When feeding saltwater fish/shrimps etc we recommend using Artemia disinfectant in the hatch & rinsing with water before feeding.

Pollution will quickly kill a hatch. Ammonia builds up fast from the waste material produced by the nauplii & the decomposition of shell casings. Every living item produces ammonia on decomposition. Normally this is converted through the nitrogen cycle but their is insufficient time in a hatching jar to remove it.

Storage of eggs is also something you should consider. Whilst freezing is thought to be OK in some publications we don't recommend it. You can't take it out of the deep freeze & expect good hatches the next day. Nature doesn't work like that for Artemia eggs.
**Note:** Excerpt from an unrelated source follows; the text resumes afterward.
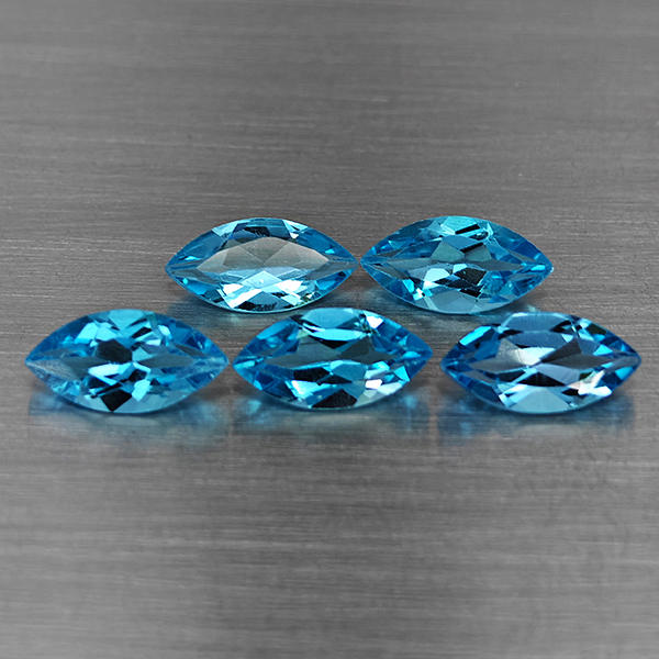 Natural Swiss Blue Topaz 7.46 Ct. 5 Pcs Marquise Shape 10 x 5.3 Mm Gemstone From Brazil

We recommend storing in a normal fridge temperature of +3°C. Taking out enough eggs for a weeks hatch & keeping in a sealed airtight container at room temperature to let the cysts come to temperature gradually.
A common quiery we get in eggs not hatching is caused by customers taking eggs straight out of the fridge & hatching. Eventually they will hatch in a few days but leaving some out at room temperature for a few days before attempting a hatch is much better.
Also please be aware that posting during winter months can cause delays in hatching if the package is caught in a cold spot en route. This is a common feedback point in eggs not hatching. Eggs will take 60 hours to hatch from deep cold.
Airtight containers are a real must for proper storage. Oxygen is the biggest hazard & will kill eggs off quickly. Our Siberian eggs are unlike US packed eggs in that they are nitrogen flushed to drive out oxygen & have a preservative for increased shelf life. This preservative is used extensively in the human food chain so is completely safe. It is commonly mistaken for salt.
Eggs will last for years if stored correctly.

January 2012 - We have noticed a few customers experiencing problems hatching Siberian eggs. After extensive experimentation this was due to trying to hatch too many eggs in too small a water volume. The water was cloudy & frothy. Orange blobs of unhatched nauplii were seen in the hatch with no live nauplii. The excuse of 'I have done it like this in previous batches' has been given.
Look guys - these are living things in dry incubated storage & sometimes they don't hatch to order.

Remember the golden rules - Hatch in harder water with a pH of above 7 (slightly alkaline). Salinity around SG 1·020. Higher temperatures mean a shorter hatching time. If they don't hatch reduce the amount of eggs you try to hatch.

Fishkeepers will always have other ideas which work for them. The principles above have been learned through experimentation over many years. If something else works for you - keep doing it.